### Activity
Going down the data below, set down exactly the line with "이번 논의는 정치권에서" and each line after it through the line with "Бебешка рокличка, изработено"; no other lines.
Top of Source records
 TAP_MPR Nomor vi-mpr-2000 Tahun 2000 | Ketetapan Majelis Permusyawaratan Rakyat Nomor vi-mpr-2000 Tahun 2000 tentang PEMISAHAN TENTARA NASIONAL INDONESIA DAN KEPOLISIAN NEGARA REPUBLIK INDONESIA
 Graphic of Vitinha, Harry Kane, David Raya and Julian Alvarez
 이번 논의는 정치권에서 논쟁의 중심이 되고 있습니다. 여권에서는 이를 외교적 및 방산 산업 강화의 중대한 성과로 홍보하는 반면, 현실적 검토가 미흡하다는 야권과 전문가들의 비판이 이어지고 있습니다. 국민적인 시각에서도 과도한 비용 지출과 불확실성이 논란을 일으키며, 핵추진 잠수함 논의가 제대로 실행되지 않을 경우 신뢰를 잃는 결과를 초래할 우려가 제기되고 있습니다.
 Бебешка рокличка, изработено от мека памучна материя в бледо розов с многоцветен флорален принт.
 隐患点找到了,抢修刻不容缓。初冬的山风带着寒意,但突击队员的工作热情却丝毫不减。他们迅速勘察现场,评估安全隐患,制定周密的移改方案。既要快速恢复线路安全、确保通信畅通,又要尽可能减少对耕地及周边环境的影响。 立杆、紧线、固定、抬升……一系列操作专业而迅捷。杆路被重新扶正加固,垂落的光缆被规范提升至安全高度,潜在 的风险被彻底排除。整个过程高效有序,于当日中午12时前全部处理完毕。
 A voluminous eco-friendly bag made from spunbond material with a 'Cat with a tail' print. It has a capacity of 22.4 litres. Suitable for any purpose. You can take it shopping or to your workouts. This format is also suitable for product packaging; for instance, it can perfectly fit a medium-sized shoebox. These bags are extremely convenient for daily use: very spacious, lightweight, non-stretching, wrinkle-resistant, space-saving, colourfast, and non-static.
Bottom of Source records
Top of Source records
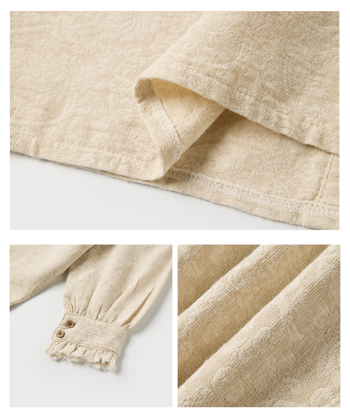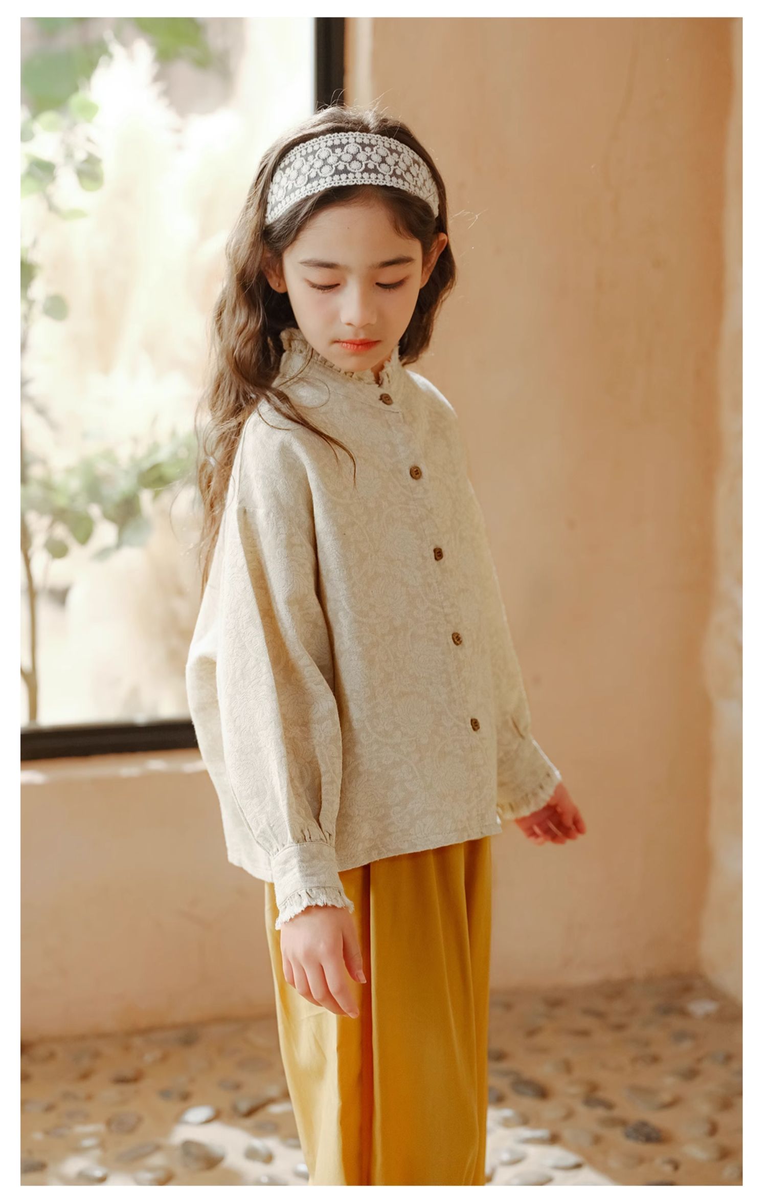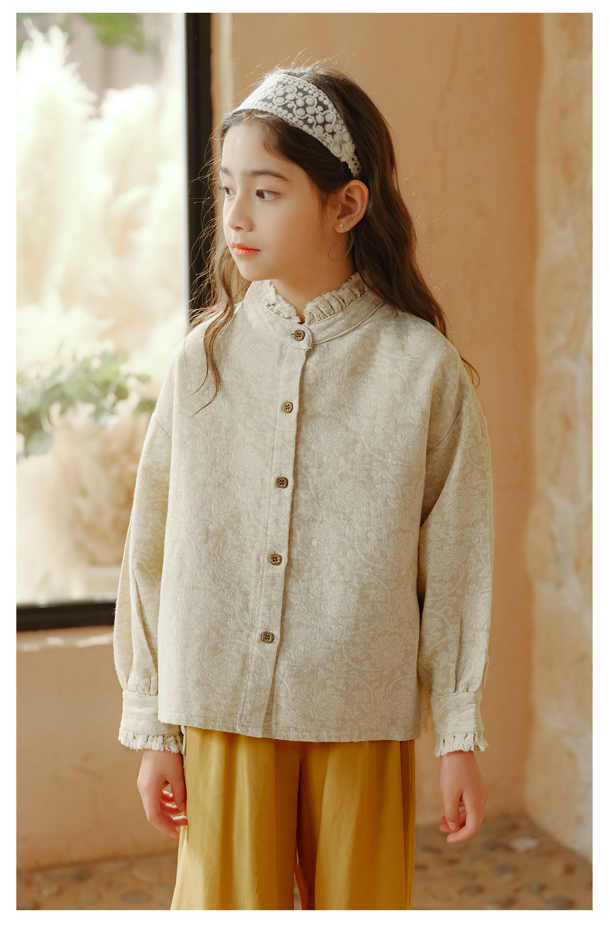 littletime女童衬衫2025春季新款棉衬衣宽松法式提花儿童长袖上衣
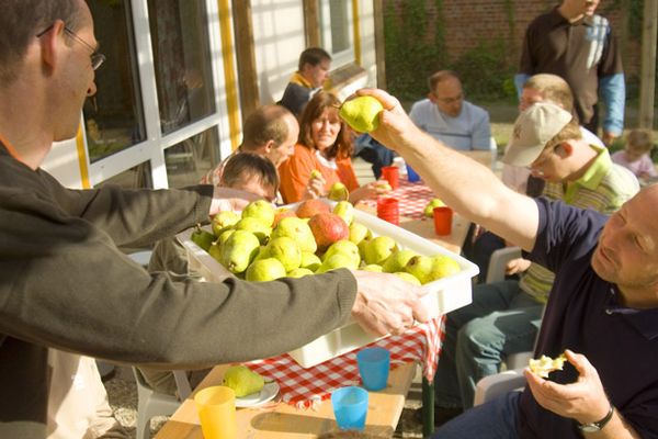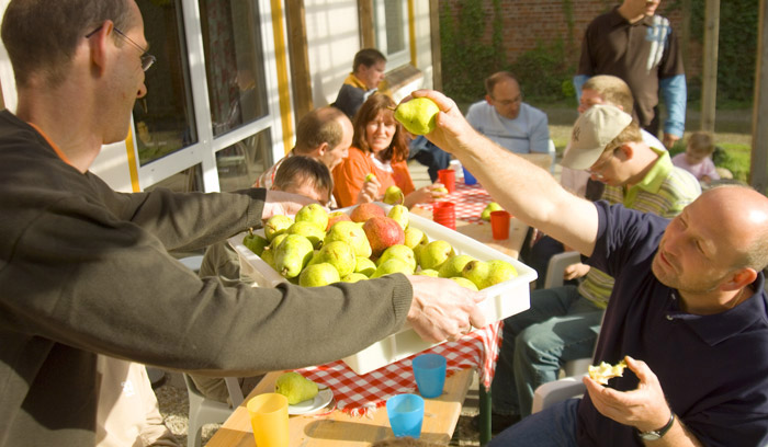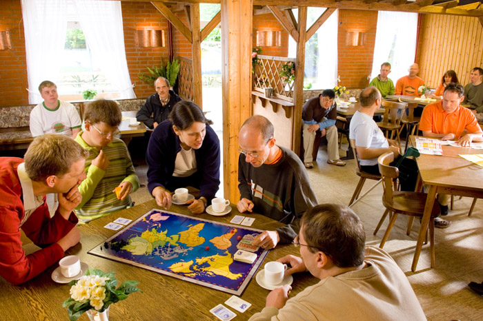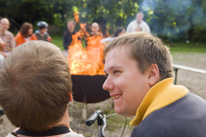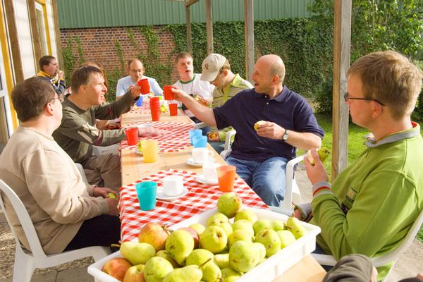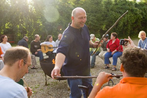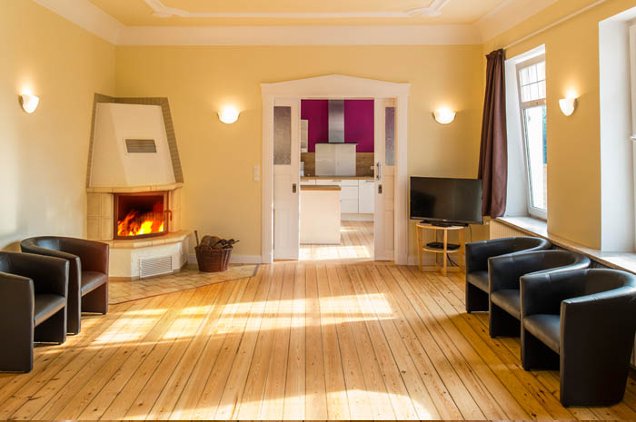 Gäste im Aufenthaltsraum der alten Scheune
Bottom of Source records
### Written answer
 이번 논의는 정치권에서 논쟁의 중심이 되고 있습니다. 여권에서는 이를 외교적 및 방산 산업 강화의 중대한 성과로 홍보하는 반면, 현실적 검토가 미흡하다는 야권과 전문가들의 비판이 이어지고 있습니다. 국민적인 시각에서도 과도한 비용 지출과 불확실성이 논란을 일으키며, 핵추진 잠수함 논의가 제대로 실행되지 않을 경우 신뢰를 잃는 결과를 초래할 우려가 제기되고 있습니다.
 Бебешка рокличка, изработено от мека памучна материя в бледо розов с многоцветен флорален принт.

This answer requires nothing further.